Omar Al-Qattaa (dont le portrait figure d’ailleurs dans les pages intérieures du journal du 24 juillet) fait partie des derniers reporters présents à Gaza pour l’AFP. Habitant de l’enclave, il raconte avec quelques autres la guerre alors que la presse internationale ne peut y mettre les pieds. Dans un communiqué publié le 21 juillet, la société des journalistes de l’AFP a sonné l’alerte sur la situation de ses pigistes touchés eux aussi par le manque de nourriture et la crise humanitaire en cours. Dans ce contexte, Omar Al-Qatta, 35 ans, candidat au prix Pulitzer, livrait son témoignage et disait notamment manquer d’antalgiques pour soulager ses douleurs dorsales : «Je dois porter du matériel lourd, marcher des kilomètres […]. On ne peut plus se rendre sur les lieux de reportage, on n’a plus la force à cause de la faim.»
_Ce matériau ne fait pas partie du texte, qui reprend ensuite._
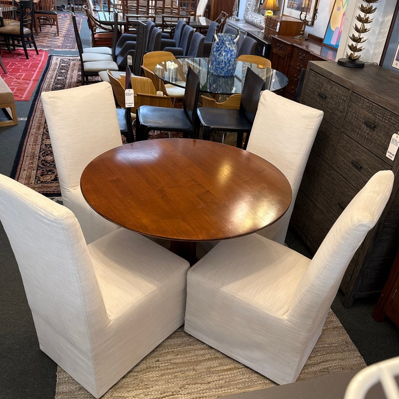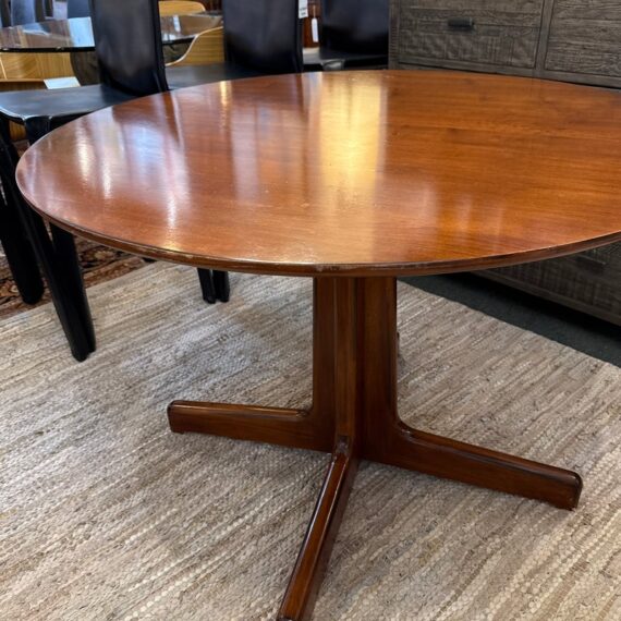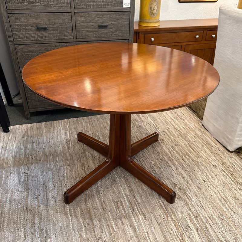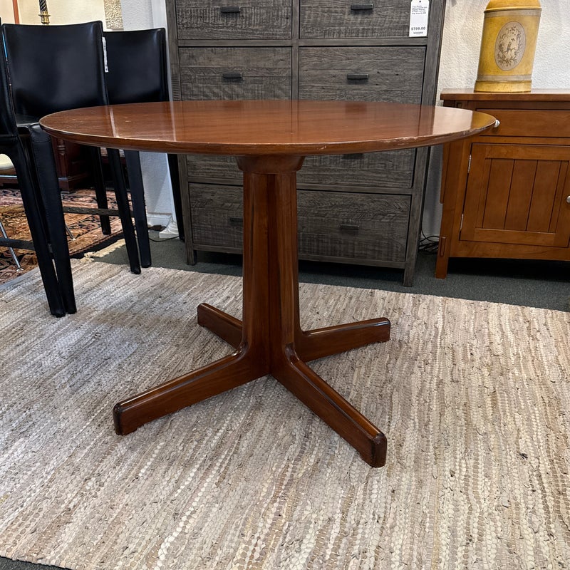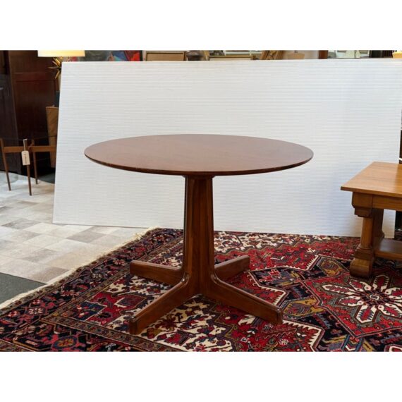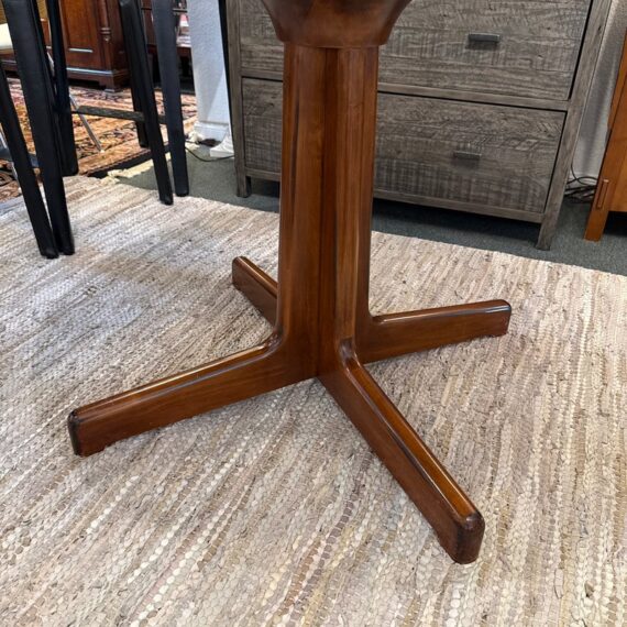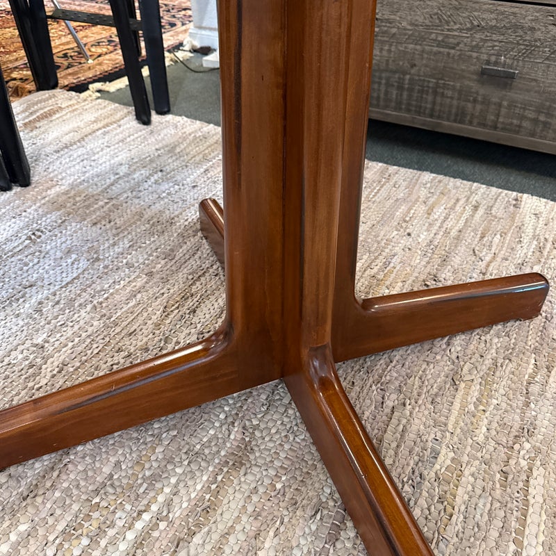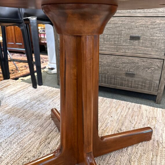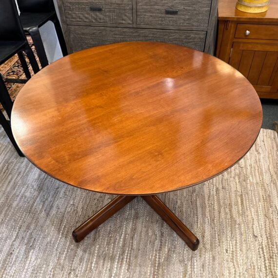 Design Plus Gallery presents a Pedestal Dining Table from Nichols & Stone. The dining table is made from solid wood and with a light Cherry Wood finish that allows the wood grain to be come through. The tables silhouette offers a slight nod to mid century with the splayed foot pedestal. Light surface wear; condition is consistent with age and use. Made in USA.

Une famine réellement photographiée en 2016 au Yémen
Du reste, le photographe à qui la photo est faussement attribuée, Abduljabbar Zeyad, existe bien. Collaborateur de l’agence Reuters, il a réalisé des séries photographiques sur la famine au Yémen, publiées en septembre et octobre 2016, notamment dans la ville d’Al-Hodeïda. Le Yémen était alors touché par une guerre depuis 2015, face à l’Arabie Saoudite et ses alliés, visant à déloger les Houthis. Ses photos ont été publiées dans différents médias américains.
«Dans le service d’urgences pédiatriques de l’hôpital Thawra, dans le port d’Al-Hodeïda, de minuscules patients, la peau sur les os, se tordent de douleur dans leurs lits. Les couloirs et salles d’attente sont bondés de parents venus chercher de l’aide pour leurs enfants affamés et mourants», décrit l’article de Reuters accompagnant ses photos. Sur l’une des images, un enfant est assis sur les genoux de sa mère à l’hôpital. En 2017 sur le site de Reuters, une autre de ses photos montre une mère tenir son enfant, squelettique, dans ses bras.
Mise à jour : ajout du correctif de Grok, le 25 juillet à 18h40.